→ Assignment:
Below, find the line containing "Selamat dan Sukses"; from there to the final line, print every line exactly and skip the pictures.

→ Data provided:

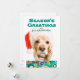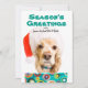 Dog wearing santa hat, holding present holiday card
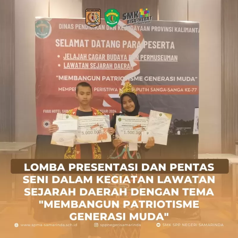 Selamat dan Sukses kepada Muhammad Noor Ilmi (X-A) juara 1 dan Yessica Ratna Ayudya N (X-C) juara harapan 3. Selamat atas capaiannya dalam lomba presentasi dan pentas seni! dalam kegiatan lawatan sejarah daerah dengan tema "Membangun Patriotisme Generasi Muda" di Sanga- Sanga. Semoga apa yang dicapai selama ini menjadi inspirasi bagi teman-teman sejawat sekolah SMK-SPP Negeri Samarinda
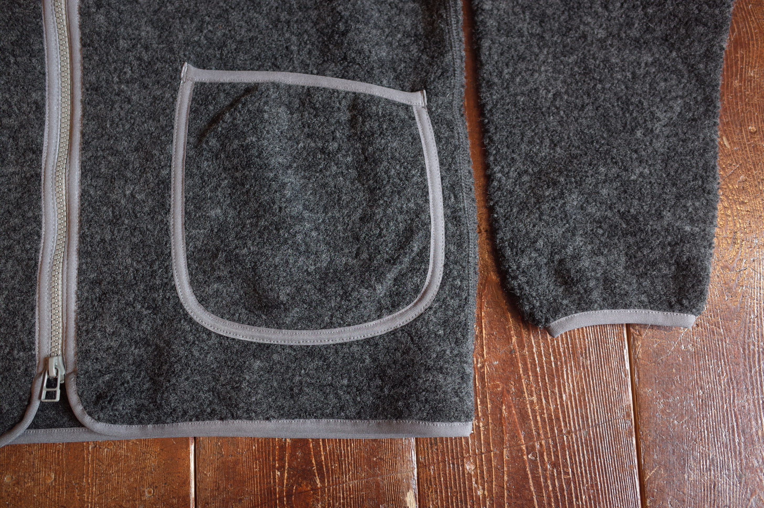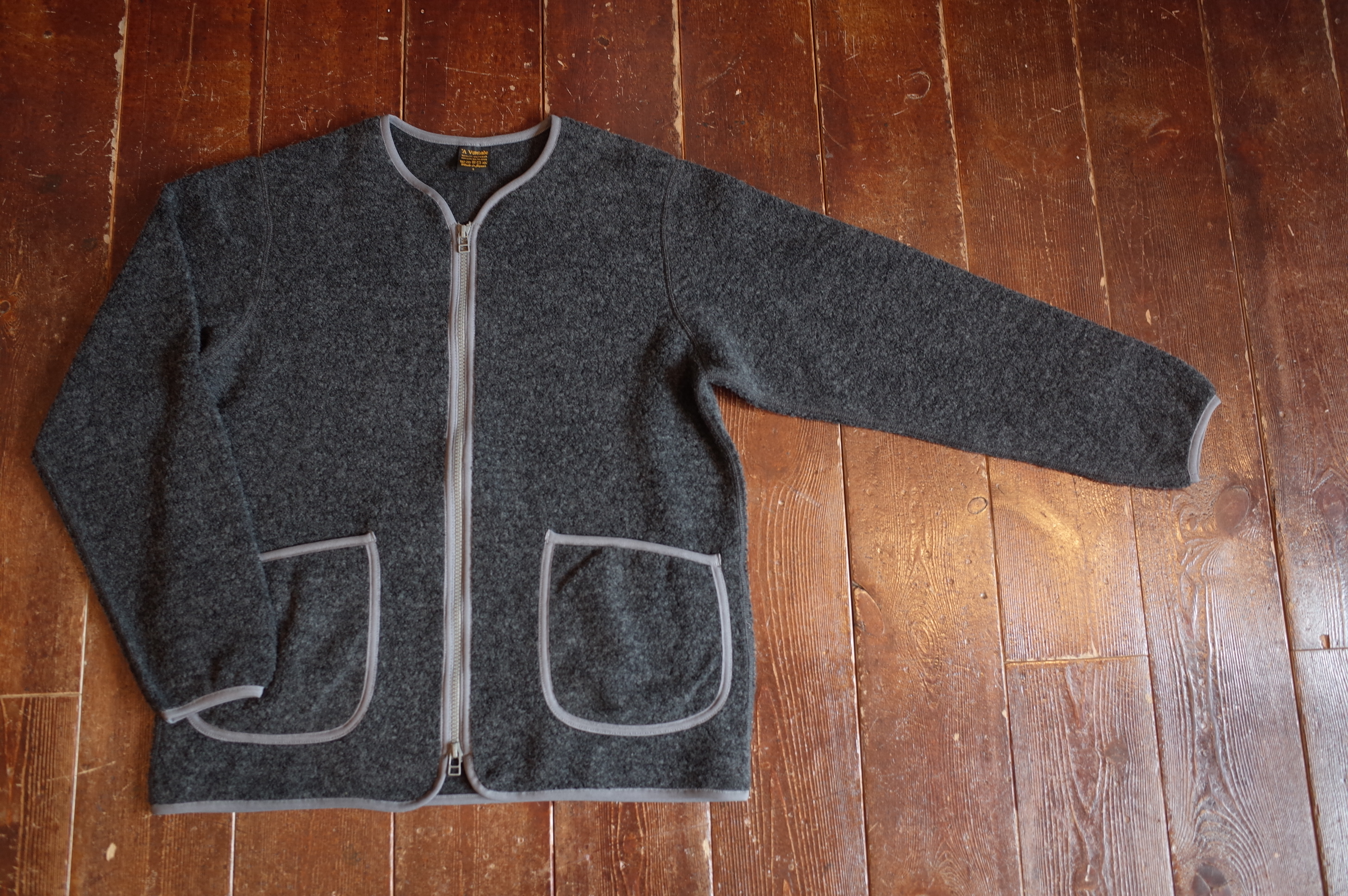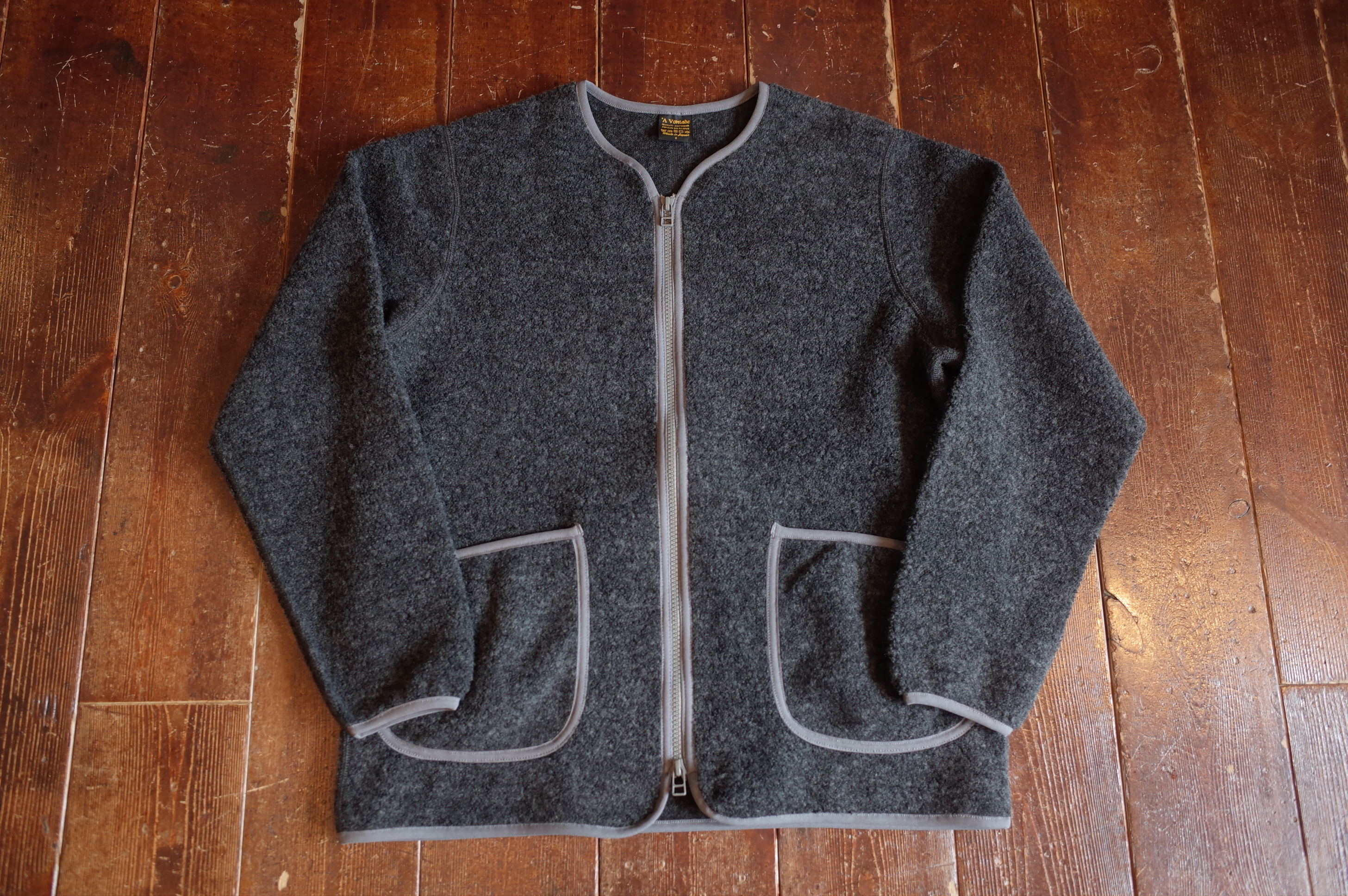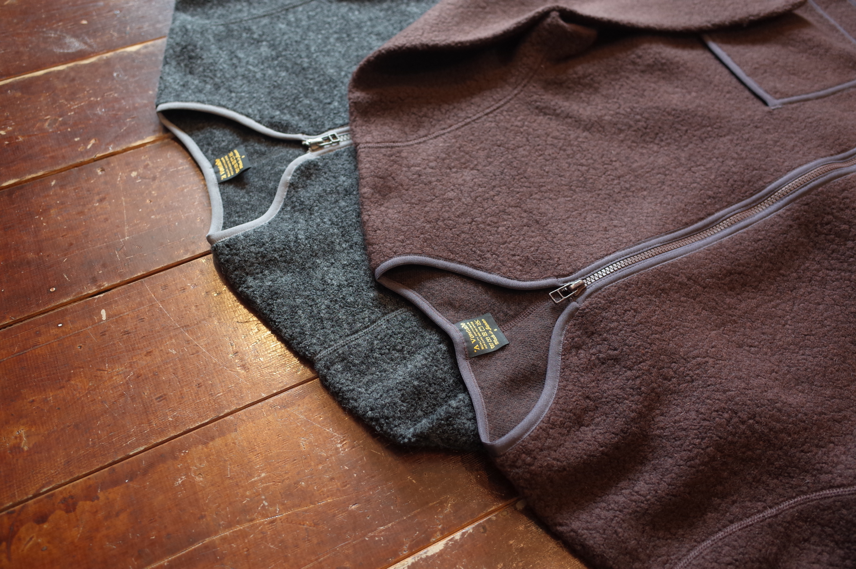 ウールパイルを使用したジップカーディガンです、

→ Task answer:
 Selamat dan Sukses kepada Muhammad Noor Ilmi (X-A) juara 1 dan Yessica Ratna Ayudya N (X-C) juara harapan 3. Selamat atas capaiannya dalam lomba presentasi dan pentas seni! dalam kegiatan lawatan sejarah daerah dengan tema "Membangun Patriotisme Generasi Muda" di Sanga- Sanga. Semoga apa yang dicapai selama ini menjadi inspirasi bagi teman-teman sejawat sekolah SMK-SPP Negeri Samarinda
 ウールパイルを使用したジップカーディガンです、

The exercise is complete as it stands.